- Born: Kenneth D. Peach, Sr. March 6, 1903 El Reno, Oklahoma, U.S.
- Died: February 27, 1988 (aged 84) Los Angeles, California, U.S.
- Occupation: Cinematographer
- Years active: 1923–1984
- Spouse: Pauline Curley ​(m. 1922)​
- Children: 3

= Kenneth Peach =

American cinematographer

Kenneth D. Peach, Sr. (March 6, 1903 – February 27, 1988) was an American cinematographer.

==Biography==
Kenneth D. Peach Sr. was born in El Reno, Indian Territory (in what is now Oklahoma). Peach entered the film industry in 1923 and became a director of photography in 1926. He worked with composite processes, miniatures, montages and matte shots for Tiffany Pictures for two years, then joined Fred Jackman's technical effects department at Warner Bros.- First National for three years. In 1931, he joined RKO Pictures' special effects department.
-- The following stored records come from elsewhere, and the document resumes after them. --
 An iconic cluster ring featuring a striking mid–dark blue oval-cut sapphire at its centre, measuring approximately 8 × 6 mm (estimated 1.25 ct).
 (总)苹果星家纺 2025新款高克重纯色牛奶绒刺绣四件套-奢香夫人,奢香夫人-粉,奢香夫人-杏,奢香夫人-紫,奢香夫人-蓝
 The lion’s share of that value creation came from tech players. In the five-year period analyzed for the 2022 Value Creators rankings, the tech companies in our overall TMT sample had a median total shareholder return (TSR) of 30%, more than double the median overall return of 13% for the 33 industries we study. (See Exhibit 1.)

In 1933, he began a long association with producer Hal Roach of Hal Roach Studios, where he shot several Laurel and Hardy films (Dirty Work, Sons of the Desert). In his later career, he worked in both film and television, in TV series such as Lassie (73 episodes, 1958–1960), The Outer Limits (25 episodes, 1964–1965), H.R. Pufnstuf (17 episodes, 1969–1970), Taxi (59 episodes, 1980–1983), before retiring in 1984.
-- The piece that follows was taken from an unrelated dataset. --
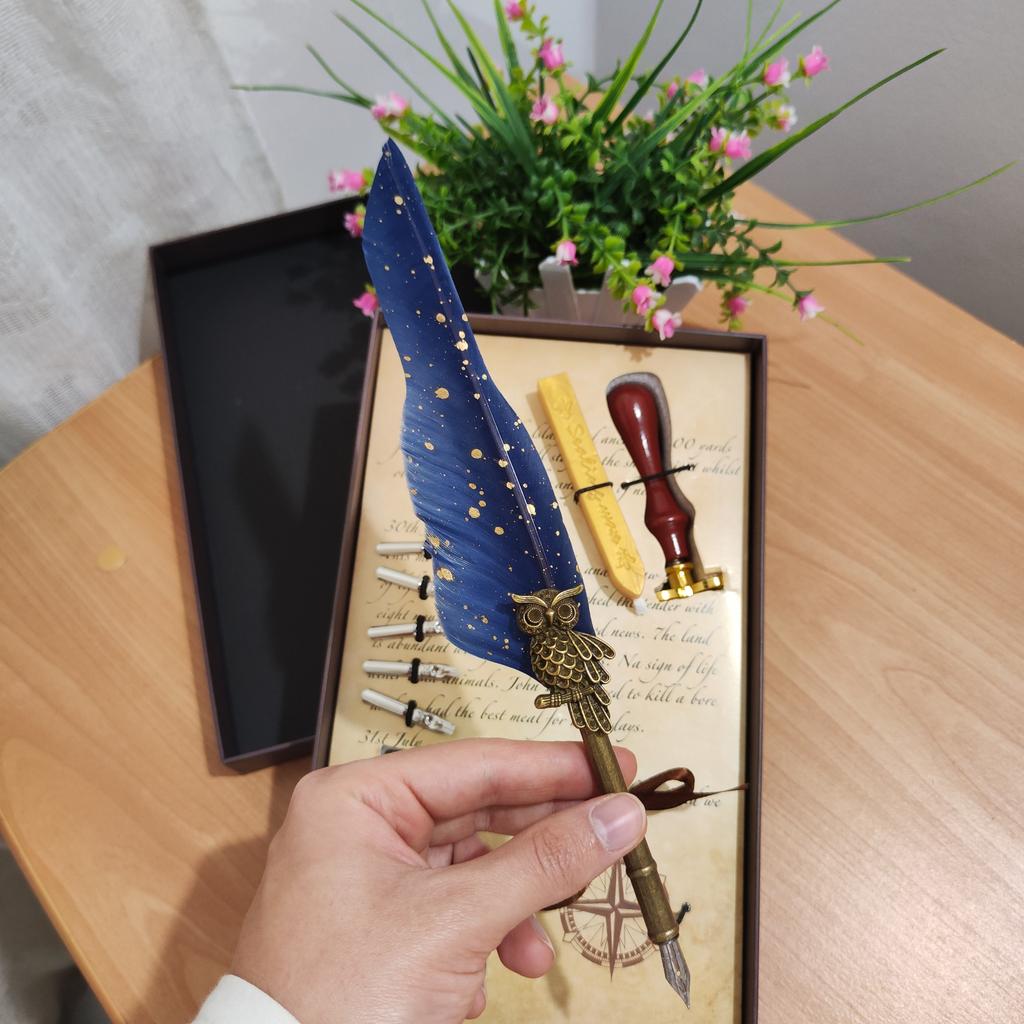 This feather pen with owl and gear characters is a magical item for any writing and art enthusiast. The special design adds a vintage touch and provides a unique and special writing experience, which combines creativity and aesthetics.. What I really loved was the packaging – this pen comes with an ink bottle and a gift box, making it a perfect gift for a birthday or any special occasion. The experience of writing with a fountain pen gives a luxurious and traditional feeling, which elevates any writing or sketching routine.. This is a high-quality, unique, and impressive item, suitable for collectors and anyone who likes to add an artistic and elegant touch to their desk or school ✨🖋️🦉
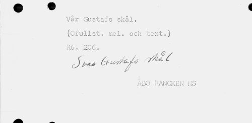 //// Vår Gustafs skål. (Ofullst. mel. och text.) R6. 206. //// Ju* //// ÅBO RANCKEN KS ////

He was married to actress Pauline Curley from 1922 until his death. They had three children: Kenneth Peach, Jr., a cinematographer; Martin Peach, a key grip on the Disney television series, Wizards of Waverly Place; and a daughter, Pauline A. Reynolds.

Peach died on February 27, 1988, at the age of 84. He and his wife Pauline (who died on December 16, 2000) are buried together in the Lincoln Terrace section of Forest Lawn-Hollywood Hills Cemetery in Los Angeles, California.